CSR sounds like a good thing, yet the very notion is now a growing industry, seen as a vital tool in improving the public image of some of the world’s largest corporations. In simple terms, companies must be seen as committed to ethical behaviour and the undertaking of ‘good works’ in the communities in which they operate. As Christian Aid summarises: “It sounds and looks like a modern version of selfless philanthropy and no doubt in many individual cases is motivated by a genuine wish to help and has led to some benefits. The problem is that companies frequently use such initiatives to defend operations or ways of working which come in for public criticism” [5]. CSR, in other words, can become merely another branch of PR. Averting a public relations disaster often appears as the only possible reason for pursuing avenues of development activity. Shell was, in 1995, the face of the CSR debate in Britain in the aftermath of the joint PR disasters of the Nigerian government’s execution of Ken Saro-Wiwa and eight other protestors and the row over the company’s plan to abandon the Brent Spar North Sea oil platform.
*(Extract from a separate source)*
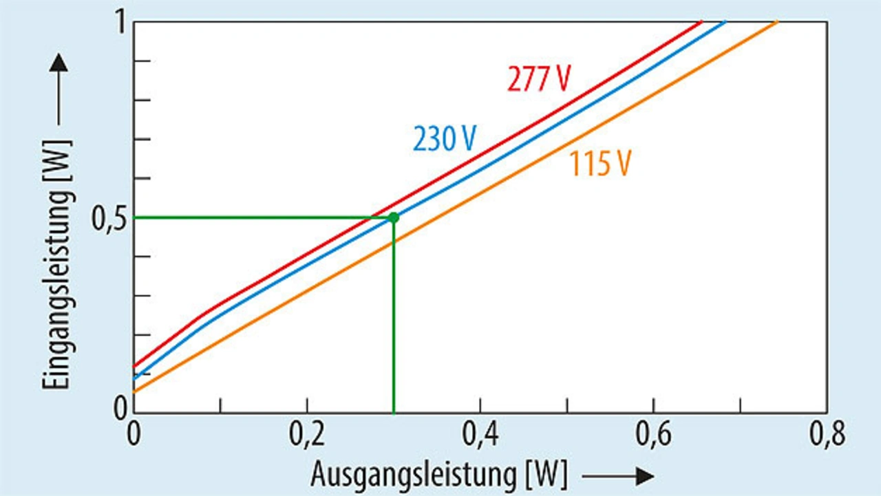 Wie eingangs erwähnt, dürfen entsprechend der seit 2013 gültigen ErP-Richtlinie einfache elektronische Geräte ohne Display im Standby-Modus maximal 0,5 W aufnehmen. Deshalb musste die Standby-Elektronik bislang mit eigenen kleinen Netzteilen versorgt werden. Erreichte ein 1-W-Modul bei halber Last noch 60 % Wirkungsgrad, waren am Ausgang effektiv 300 mW zur Versorgung der Standby-Elektronik verfügbar.
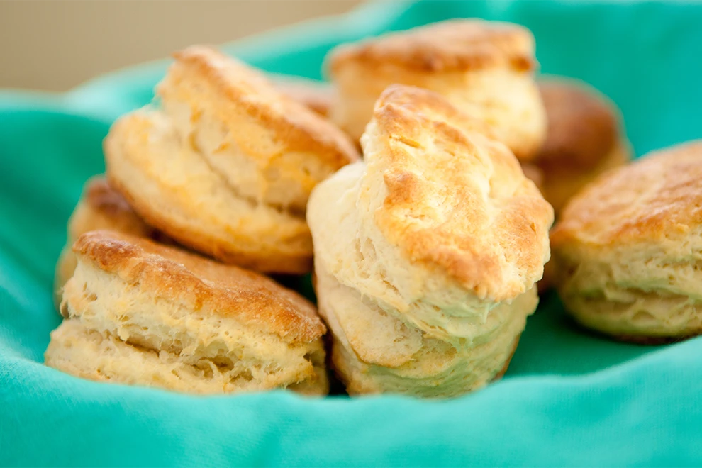 - Preheat oven to 425°F. Line a baking sheet with parchment paper; set aside. Stir together flour, sugar, kosher salt, baking powder, and baking soda in a large bowl. Using 2 forks or a pastry blender, cut in cold butter until most of the butter is pea-sized. If there are large chunks of butter, use your fingers to gently flatten. Add buttermilk, and stir until a shaggy dough forms and dough clumps together when squeezed in the palm of your hand.

As will be examined in the second part of this report, Shell’s CSR programme has brought little benefit other than to reassure those in the developed world who are not willing to look further into the debate. It certainly has not delivered any benefits to those in the front-line of their extraction activities. The case studies in this report seek to reinforce that in many cases, the rhetoric and the reality of CSR are simply contradictory.

Resistance to the Corporate-ruled Globe

Since the landmark WTO protests in Seattle, the anti-corporatism agenda has been advanced, and afforded more publicity than even its most staunch supporters could have imagined. The corporation may be trying to render national governments impotent on the global stage, but a rising tide of grassroots opposition has constituted a worthy opponent on more than one occasion. Movements to challenge the foundations of the corporation are gaining ground slowly. In America, the corporate charter revocation movement tried to bring down oil giant Unocal; in Bolivia, the population fought and won a battle against a huge transnational corporation brought in by their government to privatise the water system; in India nearly 99% of the basmati patent of RiceTek was overturned; W. R. Grace and the U.S. government's patent on Neem was revoked [6].